# Unit 6: Reading Hudi "Merge On Read" datasets with PySpark
In Module 2, we created a Hudi "Merge On Reaad" (MoR) dataset. We also registered the dataset into a Hive Metastore/Dataproc Metastore Service as an external table.

In this unit:

We will review reading Hudi MoR datasets from your data lake using Spark Dataframe API
Also review reading via Spark SQL, directly, the previously registered external table in the Apache Hive Metastore/Dataproc Metastore Service
At the end of this module, you should know how to read Hudi MoR datasets from Spark.

There are multiple read types possible with MoR table types that we will cover subsequently.

In [2]:
spark = SparkSession.builder \
  .appName("Hudi-Learning-Unit-06-pyspark") \
  .master("yarn")\
  .enableHiveSupport()\
  .config("spark.serializer", "org.apache.spark.serializer.KryoSerializer") \
  .config("spark.sql.catalog.spark_catalog", "org.apache.spark.sql.hudi.catalog.HoodieCatalog") \
  .config("spark.sql.extensions", "org.apache.spark.sql.hudi.HoodieSparkSessionExtension") \
  .getOrCreate()

In [3]:
spark

In [5]:
PROJECT_ID_OUTPUT=!gcloud config get-value core/project
PROJECT_ID=PROJECT_ID_OUTPUT[0]
PROJECT_NBR_OUTPUT=!gcloud projects describe $PROJECT_ID --format="value(projectNumber)"
PROJECT_NBR=PROJECT_NBR_OUTPUT[0]
HUDI_BASE_GCS_URI = f"gs://gaia_data_bucket-{PROJECT_NBR}/nyc-taxi-trips-hudi-mor/"

print(f"Project ID is {PROJECT_ID}")
print(f"Project Number is {PROJECT_NBR}")
print(f"Base path of Hudi dataset is {HUDI_BASE_GCS_URI}")

Project ID is apache-hudi-lab
Project Number is 623600433888
Base path of Hudi dataset is gs://gaia_data_bucket-623600433888/nyc-taxi-trips-hudi-mor/


## 1. Read Hudi dataset from source files in Cloud Storage, with Spark Dataframe API, and analyze with Spark SQL against a temporary table

In [6]:
tripsDF = spark.read.format("hudi").load(HUDI_BASE_GCS_URI)

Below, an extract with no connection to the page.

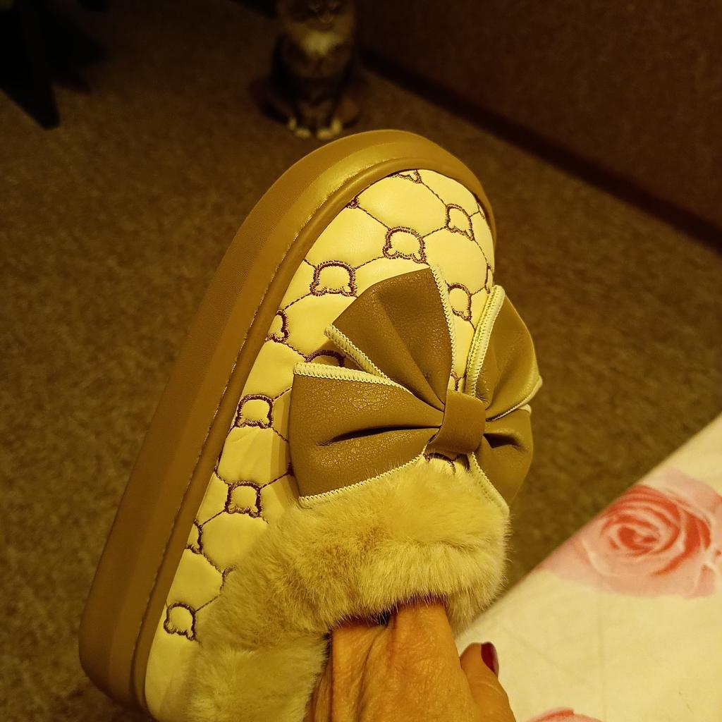 One slipper is normal, the other is creased, although they were packaged well, i.e. they packaged it already creased. Does not correspond to the size. I wear 38, ordered 38-39, barely pulled it on, whoever will order, needs 2 sizes larger for comfort

23/08/01 14:44:19 WARN GhfsStorageStatistics: Detected potential high latency for operation op_open. latencyMs=102; previousMaxLatencyMs=0; operationCount=1; context=gs://gaia_data_bucket-623600433888/nyc-taxi-trips-hudi-mor/.hoodie/hoodie.properties
23/08/01 14:44:20 WARN GhfsStorageStatistics: Detected potential high latency for operation stream_read_operations. latencyMs=220; previousMaxLatencyMs=0; operationCount=1; context=gs://gaia_data_bucket-623600433888/nyc-taxi-trips-hudi-mor/.hoodie/hoodie.properties


In [7]:
tripsDF.count()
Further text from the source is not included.